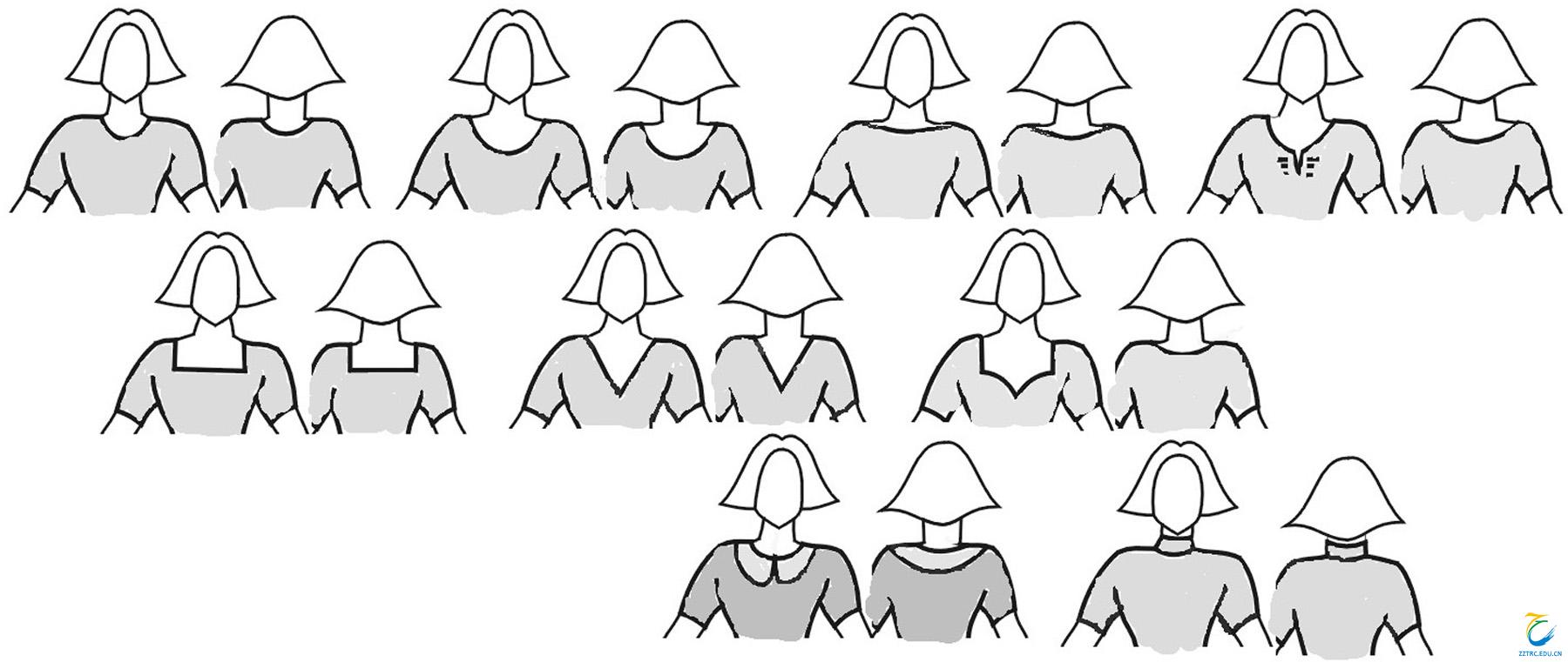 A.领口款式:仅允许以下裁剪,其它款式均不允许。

═══

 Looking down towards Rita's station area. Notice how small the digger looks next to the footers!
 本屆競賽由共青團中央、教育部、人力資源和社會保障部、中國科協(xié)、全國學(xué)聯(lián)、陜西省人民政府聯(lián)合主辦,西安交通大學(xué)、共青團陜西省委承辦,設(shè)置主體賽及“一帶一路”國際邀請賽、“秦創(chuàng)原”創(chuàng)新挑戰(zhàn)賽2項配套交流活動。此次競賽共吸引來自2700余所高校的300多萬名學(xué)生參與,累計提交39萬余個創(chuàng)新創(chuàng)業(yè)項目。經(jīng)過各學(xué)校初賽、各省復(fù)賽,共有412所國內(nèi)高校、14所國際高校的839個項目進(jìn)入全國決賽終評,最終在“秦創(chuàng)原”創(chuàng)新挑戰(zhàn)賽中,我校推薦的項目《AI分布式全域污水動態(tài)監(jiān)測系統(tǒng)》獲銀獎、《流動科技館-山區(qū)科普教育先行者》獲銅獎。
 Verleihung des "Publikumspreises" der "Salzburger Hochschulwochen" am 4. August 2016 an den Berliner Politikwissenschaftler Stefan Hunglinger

═══

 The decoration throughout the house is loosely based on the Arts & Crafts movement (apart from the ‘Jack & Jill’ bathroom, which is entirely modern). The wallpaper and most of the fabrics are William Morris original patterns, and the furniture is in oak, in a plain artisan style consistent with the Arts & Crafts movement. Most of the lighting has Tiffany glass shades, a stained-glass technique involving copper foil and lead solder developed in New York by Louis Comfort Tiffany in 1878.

═══

> [Required action] Restate word for word the lines in the material above from the one with "本屆競賽由共青團中央、教育部" to the one with "Politikwissenschaftler Stefan Hunglinger"; both of those lines count, and nothing else does.

> [Answer section]
 本屆競賽由共青團中央、教育部、人力資源和社會保障部、中國科協(xié)、全國學(xué)聯(lián)、陜西省人民政府聯(lián)合主辦,西安交通大學(xué)、共青團陜西省委承辦,設(shè)置主體賽及“一帶一路”國際邀請賽、“秦創(chuàng)原”創(chuàng)新挑戰(zhàn)賽2項配套交流活動。此次競賽共吸引來自2700余所高校的300多萬名學(xué)生參與,累計提交39萬余個創(chuàng)新創(chuàng)業(yè)項目。經(jīng)過各學(xué)校初賽、各省復(fù)賽,共有412所國內(nèi)高校、14所國際高校的839個項目進(jìn)入全國決賽終評,最終在“秦創(chuàng)原”創(chuàng)新挑戰(zhàn)賽中,我校推薦的項目《AI分布式全域污水動態(tài)監(jiān)測系統(tǒng)》獲銀獎、《流動科技館-山區(qū)科普教育先行者》獲銅獎。
 Verleihung des "Publikumspreises" der "Salzburger Hochschulwochen" am 4. August 2016 an den Berliner Politikwissenschaftler Stefan Hunglinger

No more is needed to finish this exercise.